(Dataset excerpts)
+ + + +
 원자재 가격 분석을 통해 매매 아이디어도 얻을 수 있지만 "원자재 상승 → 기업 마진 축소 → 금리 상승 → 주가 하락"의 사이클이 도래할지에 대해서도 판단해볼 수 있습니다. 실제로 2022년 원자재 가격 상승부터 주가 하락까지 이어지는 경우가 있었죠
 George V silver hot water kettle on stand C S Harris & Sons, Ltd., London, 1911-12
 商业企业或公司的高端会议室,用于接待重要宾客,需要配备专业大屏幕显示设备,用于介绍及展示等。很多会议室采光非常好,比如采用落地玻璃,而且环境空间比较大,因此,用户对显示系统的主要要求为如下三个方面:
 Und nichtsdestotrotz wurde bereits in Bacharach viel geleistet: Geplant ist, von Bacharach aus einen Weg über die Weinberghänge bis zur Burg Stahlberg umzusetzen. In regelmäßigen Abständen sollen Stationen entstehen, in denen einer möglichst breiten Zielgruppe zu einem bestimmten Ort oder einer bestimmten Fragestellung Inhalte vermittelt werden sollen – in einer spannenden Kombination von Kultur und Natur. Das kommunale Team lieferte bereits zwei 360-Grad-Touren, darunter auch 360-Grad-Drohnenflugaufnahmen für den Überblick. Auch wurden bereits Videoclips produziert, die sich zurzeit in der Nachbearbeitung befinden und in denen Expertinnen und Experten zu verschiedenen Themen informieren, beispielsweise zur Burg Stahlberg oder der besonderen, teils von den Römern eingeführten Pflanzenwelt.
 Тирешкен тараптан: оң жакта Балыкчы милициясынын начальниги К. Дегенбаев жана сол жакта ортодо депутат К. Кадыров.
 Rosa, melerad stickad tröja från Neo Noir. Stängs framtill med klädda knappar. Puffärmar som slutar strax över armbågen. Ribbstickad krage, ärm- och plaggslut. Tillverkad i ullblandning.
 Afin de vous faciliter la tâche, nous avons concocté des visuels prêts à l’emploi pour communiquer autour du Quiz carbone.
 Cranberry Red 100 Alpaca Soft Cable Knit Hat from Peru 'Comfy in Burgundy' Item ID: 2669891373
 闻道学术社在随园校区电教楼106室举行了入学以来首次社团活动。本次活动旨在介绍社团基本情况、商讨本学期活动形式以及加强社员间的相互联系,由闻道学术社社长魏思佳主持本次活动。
+ + + +
ABOUT THIS TASK
The records above need copying. Do it exactly.

RESULT OF THIS TASK
 원자재 가격 분석을 통해 매매 아이디어도 얻을 수 있지만 "원자재 상승 → 기업 마진 축소 → 금리 상승 → 주가 하락"의 사이클이 도래할지에 대해서도 판단해볼 수 있습니다. 실제로 2022년 원자재 가격 상승부터 주가 하락까지 이어지는 경우가 있었죠
 George V silver hot water kettle on stand C S Harris & Sons, Ltd., London, 1911-12
 商业企业或公司的高端会议室,用于接待重要宾客,需要配备专业大屏幕显示设备,用于介绍及展示等。很多会议室采光非常好,比如采用落地玻璃,而且环境空间比较大,因此,用户对显示系统的主要要求为如下三个方面:
 Und nichtsdestotrotz wurde bereits in Bacharach viel geleistet: Geplant ist, von Bacharach aus einen Weg über die Weinberghänge bis zur Burg Stahlberg umzusetzen. In regelmäßigen Abständen sollen Stationen entstehen, in denen einer möglichst breiten Zielgruppe zu einem bestimmten Ort oder einer bestimmten Fragestellung Inhalte vermittelt werden sollen – in einer spannenden Kombination von Kultur und Natur. Das kommunale Team lieferte bereits zwei 360-Grad-Touren, darunter auch 360-Grad-Drohnenflugaufnahmen für den Überblick. Auch wurden bereits Videoclips produziert, die sich zurzeit in der Nachbearbeitung befinden und in denen Expertinnen und Experten zu verschiedenen Themen informieren, beispielsweise zur Burg Stahlberg oder der besonderen, teils von den Römern eingeführten Pflanzenwelt.
 Тирешкен тараптан: оң жакта Балыкчы милициясынын начальниги К. Дегенбаев жана сол жакта ортодо депутат К. Кадыров.
 Rosa, melerad stickad tröja från Neo Noir. Stängs framtill med klädda knappar. Puffärmar som slutar strax över armbågen. Ribbstickad krage, ärm- och plaggslut. Tillverkad i ullblandning.
 Afin de vous faciliter la tâche, nous avons concocté des visuels prêts à l’emploi pour communiquer autour du Quiz carbone.
 Cranberry Red 100 Alpaca Soft Cable Knit Hat from Peru 'Comfy in Burgundy' Item ID: 2669891373
 闻道学术社在随园校区电教楼106室举行了入学以来首次社团活动。本次活动旨在介绍社团基本情况、商讨本学期活动形式以及加强社员间的相互联系,由闻道学术社社长魏思佳主持本次活动。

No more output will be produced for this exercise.